Records for the exercise START

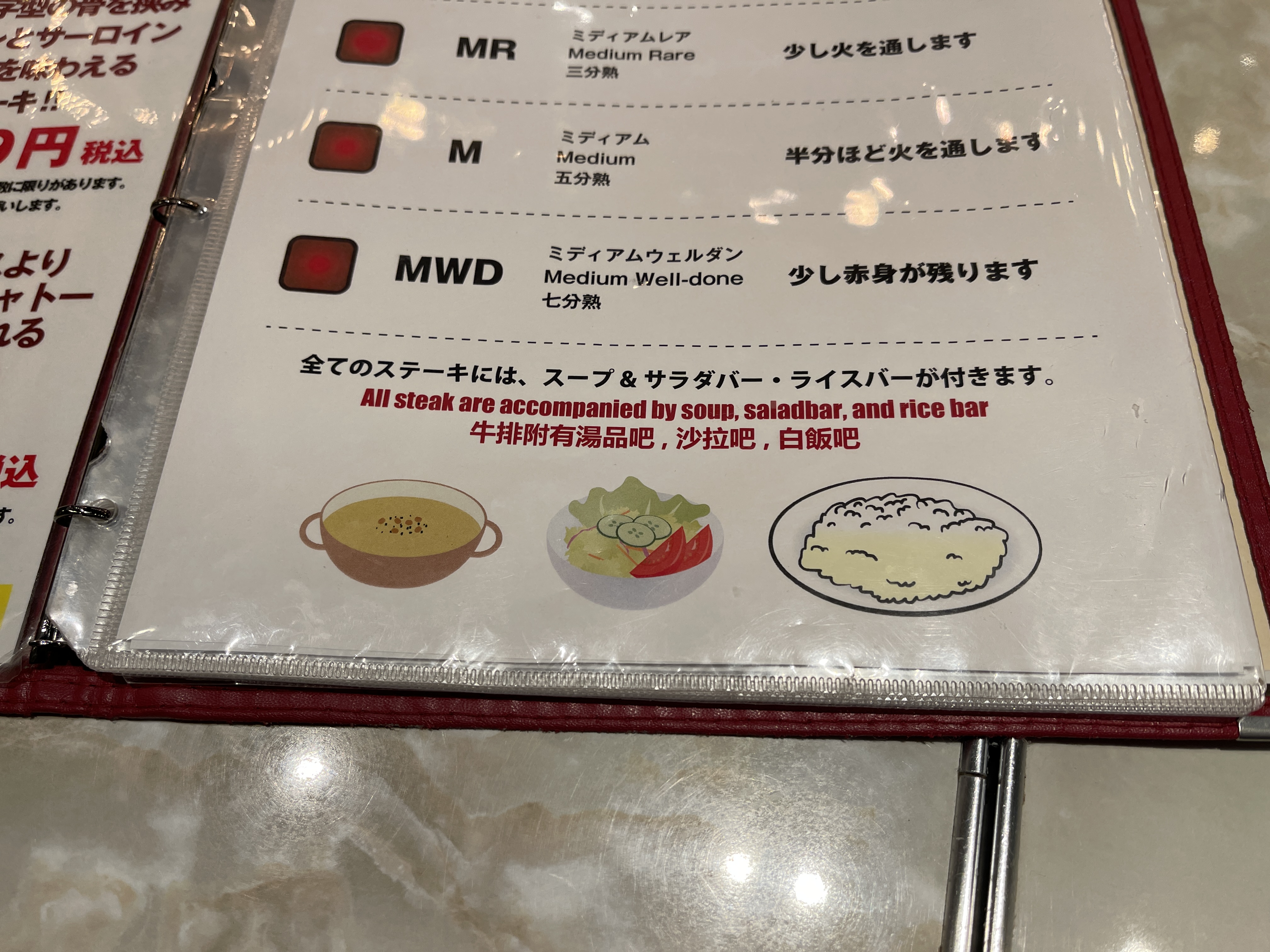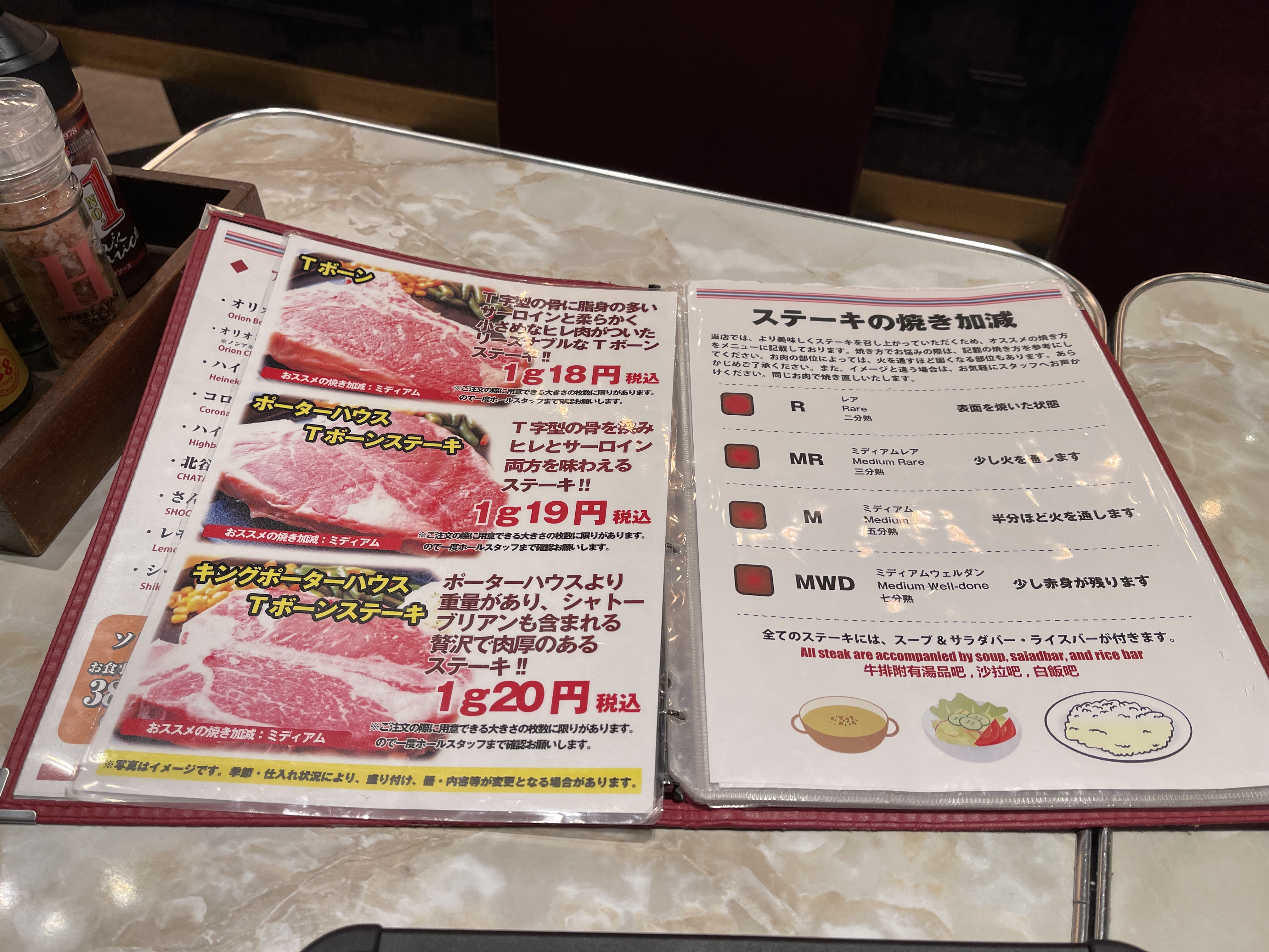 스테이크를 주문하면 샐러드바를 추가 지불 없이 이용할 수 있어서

Records for the exercise END
Records for the exercise START

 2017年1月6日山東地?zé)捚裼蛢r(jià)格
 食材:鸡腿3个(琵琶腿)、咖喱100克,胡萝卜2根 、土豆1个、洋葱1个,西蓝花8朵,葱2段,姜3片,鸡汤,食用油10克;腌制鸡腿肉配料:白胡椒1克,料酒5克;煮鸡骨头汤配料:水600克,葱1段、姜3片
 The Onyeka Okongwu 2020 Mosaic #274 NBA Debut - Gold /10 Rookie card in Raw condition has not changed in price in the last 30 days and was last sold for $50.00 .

Records for the exercise END
Records for the exercise START

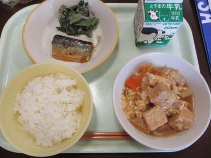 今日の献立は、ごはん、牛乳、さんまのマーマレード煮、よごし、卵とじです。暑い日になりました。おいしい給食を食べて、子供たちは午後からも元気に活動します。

Records for the exercise END

*Task brief*. From the records above, print only the lines between the one holding "食材:鸡腿3个(琵琶腿)、咖" and the one holding "The Onyeka Okongwu", inclusive, exactly as they stand.

*Output of the task*.
 食材:鸡腿3个(琵琶腿)、咖喱100克,胡萝卜2根 、土豆1个、洋葱1个,西蓝花8朵,葱2段,姜3片,鸡汤,食用油10克;腌制鸡腿肉配料:白胡椒1克,料酒5克;煮鸡骨头汤配料:水600克,葱1段、姜3片
 The Onyeka Okongwu 2020 Mosaic #274 NBA Debut - Gold /10 Rookie card in Raw condition has not changed in price in the last 30 days and was last sold for $50.00 .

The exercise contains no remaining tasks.